WHAT TO DO » What should be copied is the stretch of entries below from the line with "2020年全年,吸納面積小于" up to and including the line with "Rodgers eventually saw", exactly and without images.

EXCERPTED RECORDS »
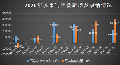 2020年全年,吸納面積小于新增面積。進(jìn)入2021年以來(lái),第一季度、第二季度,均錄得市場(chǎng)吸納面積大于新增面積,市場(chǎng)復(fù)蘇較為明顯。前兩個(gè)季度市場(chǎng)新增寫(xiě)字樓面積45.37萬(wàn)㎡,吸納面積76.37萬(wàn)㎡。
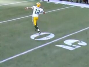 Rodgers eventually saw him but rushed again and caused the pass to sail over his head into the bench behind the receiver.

---

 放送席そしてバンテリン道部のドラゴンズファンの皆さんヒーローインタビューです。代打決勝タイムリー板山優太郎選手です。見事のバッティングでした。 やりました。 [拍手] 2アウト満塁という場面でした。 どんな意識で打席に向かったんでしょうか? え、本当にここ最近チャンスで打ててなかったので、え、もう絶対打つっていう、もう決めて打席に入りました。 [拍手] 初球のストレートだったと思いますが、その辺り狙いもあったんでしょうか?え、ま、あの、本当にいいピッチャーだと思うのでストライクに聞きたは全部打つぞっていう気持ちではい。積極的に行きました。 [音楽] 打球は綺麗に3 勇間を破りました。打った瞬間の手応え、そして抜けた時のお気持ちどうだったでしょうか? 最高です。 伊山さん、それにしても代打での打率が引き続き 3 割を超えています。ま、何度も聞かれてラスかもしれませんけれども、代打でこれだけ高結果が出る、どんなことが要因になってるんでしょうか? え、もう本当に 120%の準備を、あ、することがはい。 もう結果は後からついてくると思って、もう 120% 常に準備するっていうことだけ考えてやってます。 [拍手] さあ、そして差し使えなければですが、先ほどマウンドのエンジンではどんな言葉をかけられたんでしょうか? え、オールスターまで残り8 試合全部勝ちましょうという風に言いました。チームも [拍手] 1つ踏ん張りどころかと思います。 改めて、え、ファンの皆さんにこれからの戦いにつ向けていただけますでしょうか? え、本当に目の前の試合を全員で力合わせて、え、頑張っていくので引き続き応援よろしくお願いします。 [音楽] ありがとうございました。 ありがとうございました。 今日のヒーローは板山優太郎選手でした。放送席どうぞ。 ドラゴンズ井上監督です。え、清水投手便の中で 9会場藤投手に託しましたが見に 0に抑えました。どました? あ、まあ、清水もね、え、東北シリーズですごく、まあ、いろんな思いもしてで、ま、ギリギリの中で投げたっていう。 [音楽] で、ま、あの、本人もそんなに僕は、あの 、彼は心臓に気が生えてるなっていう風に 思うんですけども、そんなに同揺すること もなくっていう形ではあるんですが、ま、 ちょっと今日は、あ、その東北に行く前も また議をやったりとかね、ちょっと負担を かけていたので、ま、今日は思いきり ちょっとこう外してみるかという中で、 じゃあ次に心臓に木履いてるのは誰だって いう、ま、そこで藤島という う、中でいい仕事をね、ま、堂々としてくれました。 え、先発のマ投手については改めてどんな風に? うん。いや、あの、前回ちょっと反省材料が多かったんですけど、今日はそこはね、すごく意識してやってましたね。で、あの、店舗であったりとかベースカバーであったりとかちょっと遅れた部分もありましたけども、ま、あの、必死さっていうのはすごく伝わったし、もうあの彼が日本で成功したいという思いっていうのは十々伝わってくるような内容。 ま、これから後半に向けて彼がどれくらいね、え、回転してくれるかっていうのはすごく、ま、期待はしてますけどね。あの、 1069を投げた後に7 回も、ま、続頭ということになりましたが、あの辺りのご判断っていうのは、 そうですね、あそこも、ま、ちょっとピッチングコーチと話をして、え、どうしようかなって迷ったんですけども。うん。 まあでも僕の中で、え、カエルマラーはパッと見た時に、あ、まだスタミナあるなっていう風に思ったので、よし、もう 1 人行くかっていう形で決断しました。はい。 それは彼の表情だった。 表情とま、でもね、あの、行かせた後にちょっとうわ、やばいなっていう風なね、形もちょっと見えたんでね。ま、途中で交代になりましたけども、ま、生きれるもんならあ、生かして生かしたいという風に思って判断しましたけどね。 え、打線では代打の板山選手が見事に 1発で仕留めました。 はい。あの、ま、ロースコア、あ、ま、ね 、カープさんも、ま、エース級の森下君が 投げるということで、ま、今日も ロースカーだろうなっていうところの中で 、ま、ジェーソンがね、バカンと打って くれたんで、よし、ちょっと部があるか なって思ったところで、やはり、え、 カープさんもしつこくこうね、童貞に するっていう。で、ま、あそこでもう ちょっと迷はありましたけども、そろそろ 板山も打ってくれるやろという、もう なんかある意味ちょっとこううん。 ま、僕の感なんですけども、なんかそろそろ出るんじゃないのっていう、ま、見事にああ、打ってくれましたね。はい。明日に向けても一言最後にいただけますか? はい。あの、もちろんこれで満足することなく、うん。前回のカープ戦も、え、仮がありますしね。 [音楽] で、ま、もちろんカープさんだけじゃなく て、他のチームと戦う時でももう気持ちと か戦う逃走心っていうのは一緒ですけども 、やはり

* * *

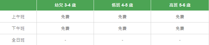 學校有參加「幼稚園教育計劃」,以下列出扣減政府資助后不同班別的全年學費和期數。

SOLUTION BELOW »
 2020年全年,吸納面積小于新增面積。進(jìn)入2021年以來(lái),第一季度、第二季度,均錄得市場(chǎng)吸納面積大于新增面積,市場(chǎng)復(fù)蘇較為明顯。前兩個(gè)季度市場(chǎng)新增寫(xiě)字樓面積45.37萬(wàn)㎡,吸納面積76.37萬(wàn)㎡。
 Rodgers eventually saw him but rushed again and caused the pass to sail over his head into the bench behind the receiver.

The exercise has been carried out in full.